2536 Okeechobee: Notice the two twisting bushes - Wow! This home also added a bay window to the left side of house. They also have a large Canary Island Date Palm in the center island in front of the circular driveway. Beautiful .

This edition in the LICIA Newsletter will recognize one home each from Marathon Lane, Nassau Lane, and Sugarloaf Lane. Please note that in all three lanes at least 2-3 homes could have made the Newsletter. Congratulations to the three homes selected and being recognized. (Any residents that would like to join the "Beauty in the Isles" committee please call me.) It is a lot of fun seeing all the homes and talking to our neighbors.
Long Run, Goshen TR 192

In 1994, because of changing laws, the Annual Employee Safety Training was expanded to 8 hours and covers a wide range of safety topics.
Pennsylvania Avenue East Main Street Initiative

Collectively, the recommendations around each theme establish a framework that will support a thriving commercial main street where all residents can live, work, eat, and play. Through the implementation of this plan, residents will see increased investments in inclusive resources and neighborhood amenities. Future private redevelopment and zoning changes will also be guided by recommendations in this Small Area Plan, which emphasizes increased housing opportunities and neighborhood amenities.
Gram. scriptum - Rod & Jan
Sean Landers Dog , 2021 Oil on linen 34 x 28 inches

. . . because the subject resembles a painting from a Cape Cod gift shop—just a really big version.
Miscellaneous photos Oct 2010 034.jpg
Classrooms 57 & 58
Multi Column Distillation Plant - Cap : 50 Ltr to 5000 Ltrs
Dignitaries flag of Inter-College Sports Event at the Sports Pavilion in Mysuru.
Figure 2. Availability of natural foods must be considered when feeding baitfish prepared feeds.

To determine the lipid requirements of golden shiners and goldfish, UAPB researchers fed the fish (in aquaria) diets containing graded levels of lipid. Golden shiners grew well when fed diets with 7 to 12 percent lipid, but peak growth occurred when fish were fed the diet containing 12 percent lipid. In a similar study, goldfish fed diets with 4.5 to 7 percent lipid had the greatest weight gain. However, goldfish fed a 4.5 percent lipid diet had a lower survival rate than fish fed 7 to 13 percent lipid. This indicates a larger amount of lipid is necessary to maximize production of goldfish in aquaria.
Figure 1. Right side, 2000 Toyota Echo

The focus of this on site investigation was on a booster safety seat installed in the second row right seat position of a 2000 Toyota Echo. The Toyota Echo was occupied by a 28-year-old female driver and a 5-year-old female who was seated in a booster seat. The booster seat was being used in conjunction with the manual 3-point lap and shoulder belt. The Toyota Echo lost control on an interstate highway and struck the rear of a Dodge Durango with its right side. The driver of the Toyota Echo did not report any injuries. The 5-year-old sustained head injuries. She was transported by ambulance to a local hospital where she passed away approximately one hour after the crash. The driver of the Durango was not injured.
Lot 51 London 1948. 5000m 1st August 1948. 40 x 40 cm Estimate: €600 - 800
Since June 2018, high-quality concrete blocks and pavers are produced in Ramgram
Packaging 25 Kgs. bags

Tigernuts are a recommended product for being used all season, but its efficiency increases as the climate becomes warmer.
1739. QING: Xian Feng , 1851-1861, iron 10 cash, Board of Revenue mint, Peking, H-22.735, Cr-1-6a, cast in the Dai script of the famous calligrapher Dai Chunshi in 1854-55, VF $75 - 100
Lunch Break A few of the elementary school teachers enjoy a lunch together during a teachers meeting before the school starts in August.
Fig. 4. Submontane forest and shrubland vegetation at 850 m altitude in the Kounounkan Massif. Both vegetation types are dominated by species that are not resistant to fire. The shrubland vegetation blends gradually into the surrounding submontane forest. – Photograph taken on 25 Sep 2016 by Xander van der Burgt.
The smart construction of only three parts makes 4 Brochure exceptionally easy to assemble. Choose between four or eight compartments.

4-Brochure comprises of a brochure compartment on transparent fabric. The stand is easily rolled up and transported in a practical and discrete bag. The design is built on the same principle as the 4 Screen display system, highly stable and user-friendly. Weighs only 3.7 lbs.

# Task prompt:
Would you return, unchanged, the lines from the one containing "Packaging 25 Kgs. bags" through the end of the entries?

# Task solution:
Packaging 25 Kgs. bags

Tigernuts are a recommended product for being used all season, but its efficiency increases as the climate becomes warmer.
1739. QING: Xian Feng , 1851-1861, iron 10 cash, Board of Revenue mint, Peking, H-22.735, Cr-1-6a, cast in the Dai script of the famous calligrapher Dai Chunshi in 1854-55, VF $75 - 100
Lunch Break A few of the elementary school teachers enjoy a lunch together during a teachers meeting before the school starts in August.
Fig. 4. Submontane forest and shrubland vegetation at 850 m altitude in the Kounounkan Massif. Both vegetation types are dominated by species that are not resistant to fire. The shrubland vegetation blends gradually into the surrounding submontane forest. – Photograph taken on 25 Sep 2016 by Xander van der Burgt.
The smart construction of only three parts makes 4 Brochure exceptionally easy to assemble. Choose between four or eight compartments.

4-Brochure comprises of a brochure compartment on transparent fabric. The stand is easily rolled up and transported in a practical and discrete bag. The design is built on the same principle as the 4 Screen display system, highly stable and user-friendly. Weighs only 3.7 lbs.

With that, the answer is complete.